### REQUIRED ACTION
Copy every record word for word. The images stay behind.

== Segment start ==

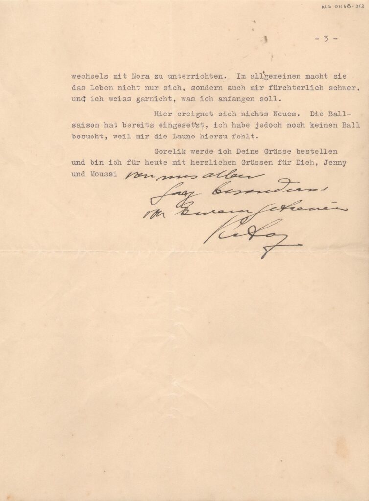 ALS Pasta: "Correspondance Victor Rubin - 1929; 1930; 1931". Bilhete aposto: Correspondência revista por LS 1929 - 1930 - 1931 [letra Fanny Faintych]
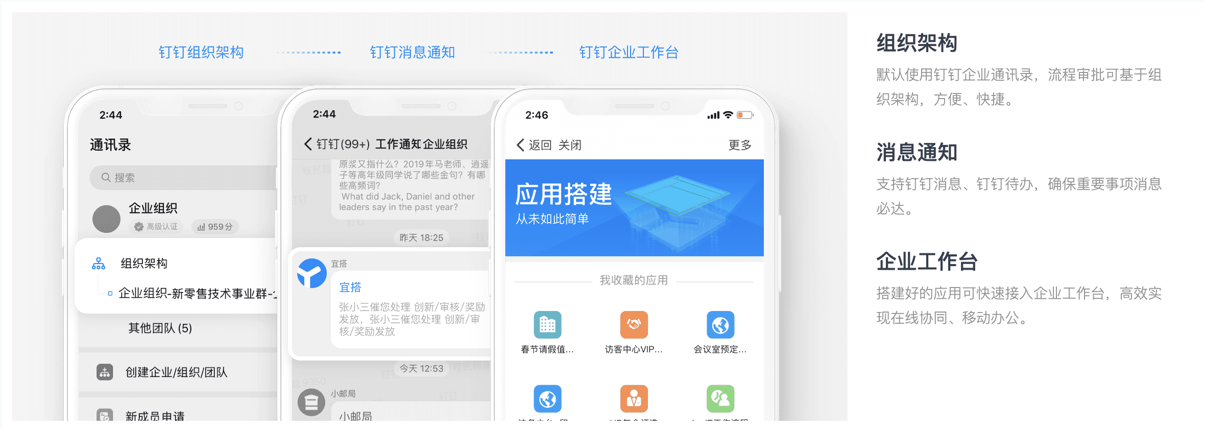- 多种打开路径(钉钉内置应用、浏览器网页登录),摆脱空间、设备限制,极大提高便利性。
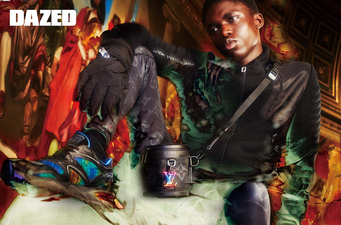 포켓 디테일의 집업 재킷과 모노그램 팬츠, 나일론 글러브, 3D 모노그램 미니 백, 스니커즈는 모두 루이 비통(Louis Vuitton) 남성 2054 컬렉션.
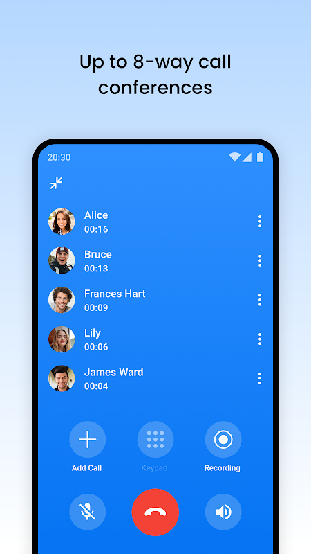 従来の通信事業者の8者通話は通常3者通話のみに対応していますが、We Callは最大8者までの多者通話機能に対応しているため、複数人での会議や家族の集まりなど、複数の親戚や友人と同時に音声通話を行うことができます。
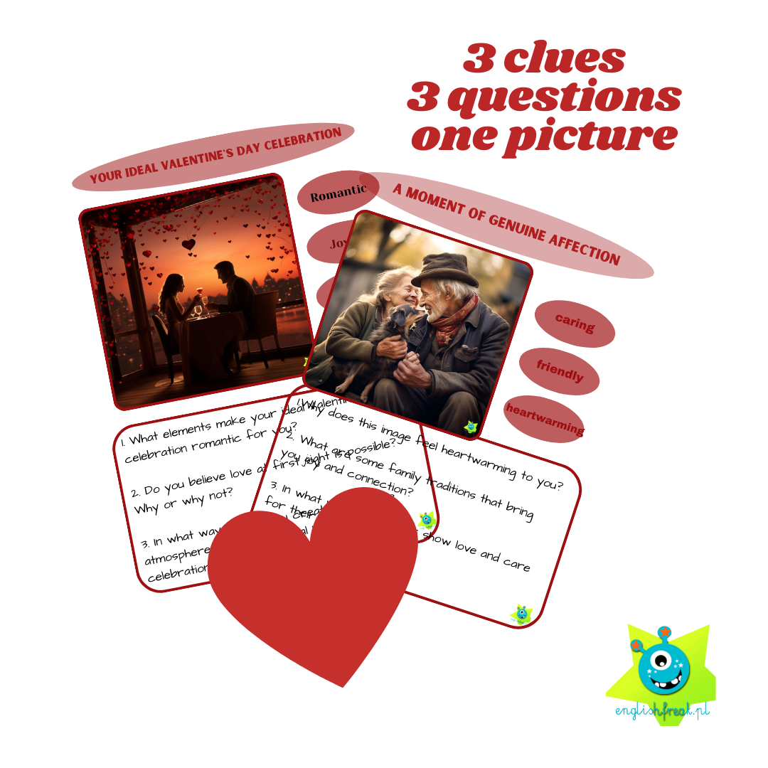 Valentine’s Day Speaking Sets – Rozgadaj swoich uczniów! (PDF) Postaw na komunikację i emocje! Valentine’s Day Speaking Sets to zestaw 15 profesjonalnych kart konwersacyjnych łączących opis obrazka ze wsparciem słownikowym i pytaniami o relacje. Ponieważ materiał skupia się na tematach bliskich każdemu (przyjaźń, miłość, troska), idealnie nadaje się na rozgrzewki oraz pełne lekcje konwersacyjne na poziomie A2-B1+. Materiał w formacie PDF – gotowy do natychmiastowego wykorzystania!
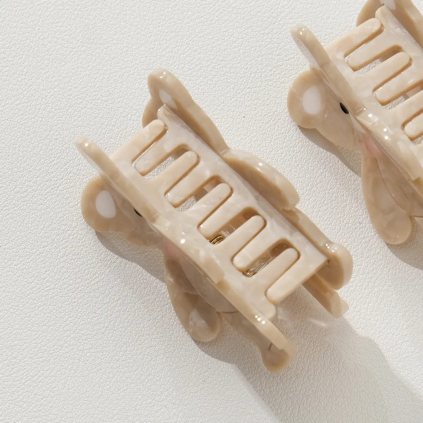 Our adorable Teddy Bear claw features a pink bow in a beige color. Made with eco-friendly material that is both durable and comfortable.
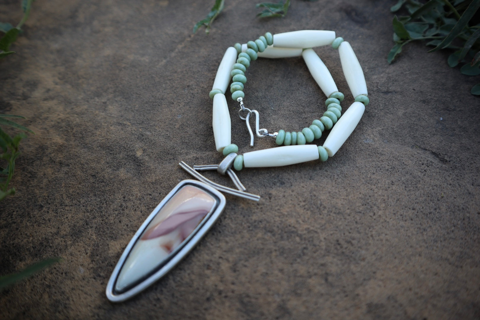 For a few years now I’ve become enamored with the subtly of Willow Creek. It has such soft colors and lines that I experience as very expressive in their subtly. While the stone is already really special, what makes this piece extra special is the beaded necklace it hangs from. I’ve used Kenyan beads made from bone and recycled glass beads from Java that hold a similar energy to the stone. It’s a bold piece, maybe my boldest yet, but I’m a big fan of how it turned out and how it feels around the neck. Truly one of a kind.
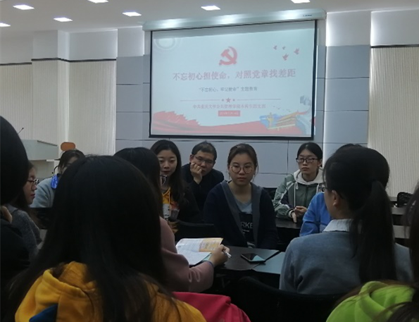 本科生二支部、本科生四支部召开“不忘初心担使命,对照党章党规找差距”专题组织生活会。本次专题组织生活由二支部书记徐柳老师主持,二支部和四支部分组进行,开展形式为每位党员对照党章党规分析自身不足,提出改进措施。四支部书记袁晓浩老师也出席了四支部的会议。
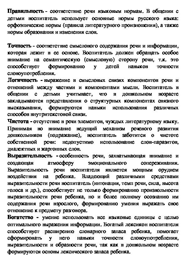 Требования к качеству речи педагога ДОУПравильность соответствие речи языковым нормам. В общении с
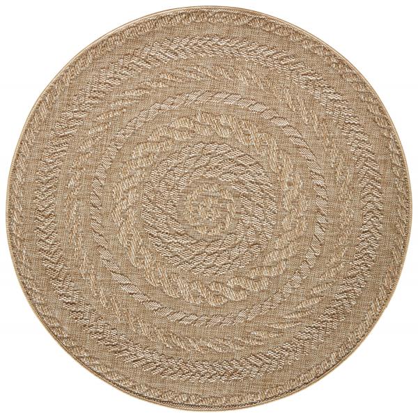 Okrugli tepih ravnog tkanja iz Northrugsa u izgledu jute. Može se koristiti u zatvorenom prostoru kao i na otvorenom. Obrađena vlakna od polipropilena su posebno izdržljiva i otporna na UV zračenje i vlagu. Pogodan i za prostorije sa podnim grijanjem.
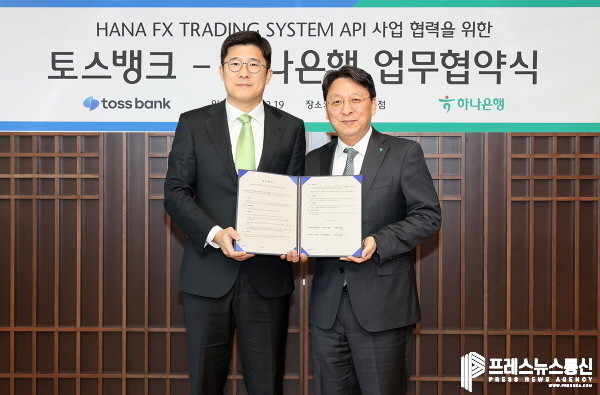 [프레스뉴스] 김대일 기자= 하나은행(은행장 이승열)은 19일 오전 을지로 본점에서 토스뱅크(대표이사 홍민택)와 실시간 환율을 적용한 『24시간 다통화 FX 거래』 활성화를 위한 업무협약을 체결했다고 밝혔다.

== Segment end ==

### EXPECTED ANSWER
 ALS Pasta: "Correspondance Victor Rubin - 1929; 1930; 1931". Bilhete aposto: Correspondência revista por LS 1929 - 1930 - 1931 [letra Fanny Faintych]
- 多种打开路径(钉钉内置应用、浏览器网页登录),摆脱空间、设备限制,极大提高便利性。
 포켓 디테일의 집업 재킷과 모노그램 팬츠, 나일론 글러브, 3D 모노그램 미니 백, 스니커즈는 모두 루이 비통(Louis Vuitton) 남성 2054 컬렉션.
 従来の通信事業者の8者通話は通常3者通話のみに対応していますが、We Callは最大8者までの多者通話機能に対応しているため、複数人での会議や家族の集まりなど、複数の親戚や友人と同時に音声通話を行うことができます。
 Valentine’s Day Speaking Sets – Rozgadaj swoich uczniów! (PDF) Postaw na komunikację i emocje! Valentine’s Day Speaking Sets to zestaw 15 profesjonalnych kart konwersacyjnych łączących opis obrazka ze wsparciem słownikowym i pytaniami o relacje. Ponieważ materiał skupia się na tematach bliskich każdemu (przyjaźń, miłość, troska), idealnie nadaje się na rozgrzewki oraz pełne lekcje konwersacyjne na poziomie A2-B1+. Materiał w formacie PDF – gotowy do natychmiastowego wykorzystania!
 Our adorable Teddy Bear claw features a pink bow in a beige color. Made with eco-friendly material that is both durable and comfortable.
 For a few years now I’ve become enamored with the subtly of Willow Creek. It has such soft colors and lines that I experience as very expressive in their subtly. While the stone is already really special, what makes this piece extra special is the beaded necklace it hangs from. I’ve used Kenyan beads made from bone and recycled glass beads from Java that hold a similar energy to the stone. It’s a bold piece, maybe my boldest yet, but I’m a big fan of how it turned out and how it feels around the neck. Truly one of a kind.
 本科生二支部、本科生四支部召开“不忘初心担使命,对照党章党规找差距”专题组织生活会。本次专题组织生活由二支部书记徐柳老师主持,二支部和四支部分组进行,开展形式为每位党员对照党章党规分析自身不足,提出改进措施。四支部书记袁晓浩老师也出席了四支部的会议。
 Требования к качеству речи педагога ДОУПравильность соответствие речи языковым нормам. В общении с
 Okrugli tepih ravnog tkanja iz Northrugsa u izgledu jute. Može se koristiti u zatvorenom prostoru kao i na otvorenom. Obrađena vlakna od polipropilena su posebno izdržljiva i otporna na UV zračenje i vlagu. Pogodan i za prostorije sa podnim grijanjem.
 [프레스뉴스] 김대일 기자= 하나은행(은행장 이승열)은 19일 오전 을지로 본점에서 토스뱅크(대표이사 홍민택)와 실시간 환율을 적용한 『24시간 다통화 FX 거래』 활성화를 위한 업무협약을 체결했다고 밝혔다.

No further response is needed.